Flashbacks in the History of Eva, Tennessee

By Nell Morisette
NewsTribune Special Columnist

The Canning Factory

Mr. Anderson Wadell Lashlee was born August 17, 1869 and was married to Maggie Griggs, born April 9, 1879. They owned property, and in Eva, Mr.. Lashlee encouraged the people of Eva to raise large crops, especially tomatoes. Not far from the depot, he started a canning factory. This was build around 1910. There were two buildings, one for canning and a red one for storage. The main storage was the canned goods waiting for shipment. Mostly women did the canning. Mr. Tom Melton was one of the main overseers. There were two Tom Meltons; this one was called Tom Rachell, as his wife's name was Rachell. A Delco engine that burned kerosene with 65 watt bulbs provided the lights. After canning season, Mr. Lashlee let the youth use the building for a gym. Mr. Lashlee died Sept. 4, 1913. With no on e to encourage the raising of big vegetable crops, the canning factor closed around 1915 or 1916.

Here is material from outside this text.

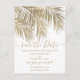 Modern gold palm tree elegant save the date. Modern simple faux gold palm tree with simple typography, a trendy and tropical save the date wedding theme on palm tree leaf.

The Three Stores Of This Era

Mr. Noah Melton was running a general merchandise store near the depot. He had two delivery trucks. One of his drivers was Sherman Lawrence. Mr. Melton's store can be remembered by the children for his bananas. There were holding pens for the cattle near Mr. Melton's store. People would drive their cattle to these pens to be held until a boxcar would arrive to ship them out. This making his store, the place where the old timers met to chew, dip, whittle and tell tall tales. He sold the store to Mr. Albert Cherry around 1927 or 1928.

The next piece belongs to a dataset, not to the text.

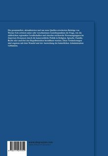 Die gesammelten Beiträge von Werner Eck erörtern unter sehr verschiedenen sachlichen Gesichtspunkten die Frage, wie die zahlreichen regionalen Gesellschaften und einzelne reichsweite Personengruppen im Imperium Romanum durch die kaiserzeitliche Politik in Religion, Sprache, Familie, Recht oder auch bei den Begräbnissitten beeinflusst wurden. Erörtert werden etwa Folgen für die Stellung und öffentliche Präsentation von Frauen, für die rechtliche und reale Lage der Soldaten römischen und peregrinen Rechts sowie für den reichsweit rekrutierten Senatorenstand. Diese Veränderungen sind engstens mit der Gestaltung und Ausweitung der kaiserlichen Administration in den Provinzen, aber auch in der Stadt Rom selbst verbunden, wobei besonderes Gewicht auf die Funktionen des Heeres gelegt wird. Eingeschlossen ist auch die Frage des Euergetismus für das Funktionieren der Städte, dem gegenüber die Leistung der Gemeinden allzu oft unterschätzt wird. Die Beiträge sind unter Berücksichtigung neuer Quellen soweit nötig und möglich auf neuen Stand gebracht worden.

Mr. Marshell Pafford owned a store at this time period. The children looked forward to having enough money to buy ice cream.

Mr. Lewis Browning owned the other one.

Two Blacksmith Ships

Mr. Albert Cherry owned a blacksmith shop close to Mr. Noah Melton's store. Mr. Monroe Alsbrook owned the other one. In later years, Mr. Ben Holland and Mr. Frank Boswell had blacksmith shops. It is not known if they bought the first ones or started their own.

Evaland Company

In 1836 Mr. A.W. Lucas owned most of the land around Eva through what is now Hallshire Estate. The transportation being horse and wagon or buggy, he made country lands through his property to be sold in lots or acres. This established the Evaland Company. In 1913 Mr. Lucas gave a deed to some of his property for a church. This church was called the Methodist Episcopal Church. The property on which the Eva School building set was also deeded for a school. Mr. Lucas had a daughter, and he told her she could name the community. Her real close and best friend was named Eva. This is how the little community became the town of Eva.

Memories Of An Eva Historical Landmark
By Gordon Farrar

The Old Potato House on Eva Harbor Road at the juncture of Eva School Road still stands as a reminder of how things were during the 1920's and 30's. The surrounding land was at the time owned my Thomas H. and Effie Sykes Farrar. They lived in the old home on the property together with two sons, Wayne and Gordon. The Potato House was built by my father in the early to mid-20's. The building was to fill a need of the community for a facility to cure and store sweet potatoes from fall harvest following spring and summer. The construction of the building was unique for the period. Trees were cut and hauled to the Doss Holland sawmill to be sawed for the framing. Gravel and sand were hauled from creek beds in the area for making concrete for the foundation and floor. Lumber (weather-boarding) brick, tin (roofing) and other building materials were brought in from Camden. All the transportation of materials was by horse-drawn wagons. The building walls and overhead were sealed inside with tongue- and groove-jointed boards. As the outside weather-board was applied, sawdust was packed in the walls for insulation. Slat partitions were erected inside, forming small compartments or bins to separate potatoes by owner. Also a small corner was equipped with shelving for my mother to store her canned fruit and vegetables. A wood burning stove was used to keep potatoes at the proper temperature during the winter months. By the end of the 1930 times were changing rapidly. With the advent of TVA, World War II, and public jobs ushered in a new era, leaving the "Old Potato House" to history.